17 The jury should have been instructed on the basis of the model set out in Challice, supra. Not only did the trial judge fail to follow that model, but his definition of the evidence contradicted the instructions he gave on the basis of W. (D.).
18 The appellant stressed the fact that in the present case, the jury did not have to choose between two conflicting versions of the facts. It is true that the version of the facts put to the jury by the defence did not generally speaking contradict the Crown’s version. The conflict related more to the accused’s mental state. This was a vital issue. The Crown alleged that the accused intended to kill his wife. The accused submitted that, on the contrary, he lacked the intent to do so because of his state of mental unconsciousness. If the jury believed the accused or had a reasonable doubt as to his intent, it had to acquit on the charge of second degree murder. It seems clear to me that in that case the credibility of the accused was of the utmost importance. The same was true of Dr. Talbot’s testimony.
19 The appellant also pointed out that the charge must be read as a whole, that no charge is perfect and that the Court must not subject the charge to minute scrutiny: R. v. Cooper, [1993] 1 S.C.R. 146, at p. 163. Rather, the Court must consider whether there is “a reasonable possibility that the jury might have been misled by those instructions into either applying a standard of proof less than proof beyond a reasonable doubt or improperly applying the burden of proof or reasonable doubt standard”: R. v. Brydon, [1995] 4 S.C.R. 253, at p. 264.
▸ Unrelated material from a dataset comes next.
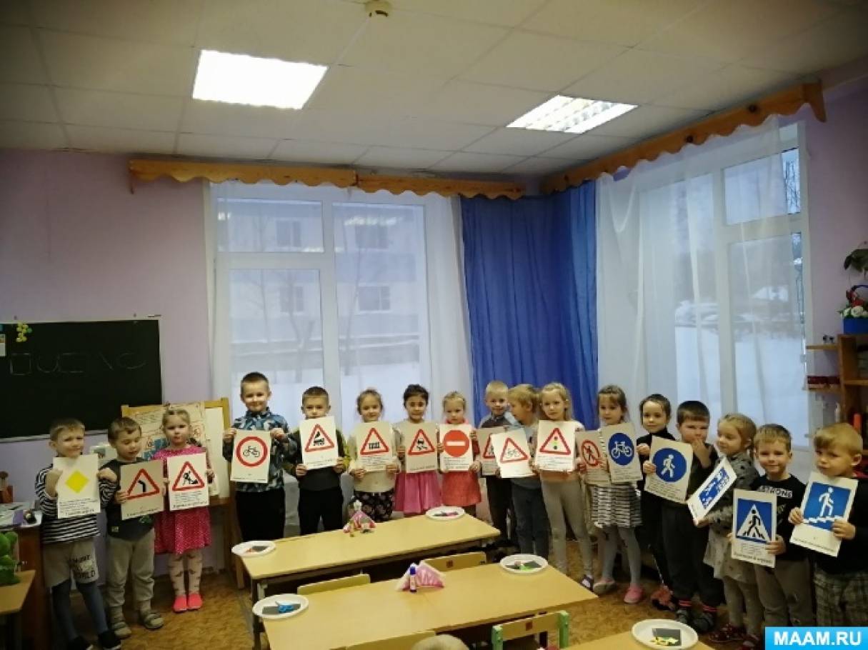 Ведущий: На улицах много дорожных знаков. Дорожные знаки – лучшие друзья водителей и пешеходов. Каждый знак имеет своё название. Дорожные знаки рассказывают о том, какая дорога как надо ехать, что разрешается, а чего делать нельзя. Бывают знаки предупреждающие, запрещающие, указательные.

20 However, in the case at bar it is the appellant who is proposing that the charge be subjected to minute scrutiny. It is by reading the charge as a whole that the error can be seen: since the disbelieved testimony of the accused does not constitute evidence, it cannot raise a reasonable doubt. There is therefore a reasonable possibility that the jury might have been misled by these misdirections.
21 For these reasons, I would dismiss the appeal.
Appeal allowed, Sopinka and Major JJ. dissenting.
Solicitor for the appellant: Pierre Goulet, Sorel.
Solicitors for the respondent: Shadley, Melançon, Boro, Montréal.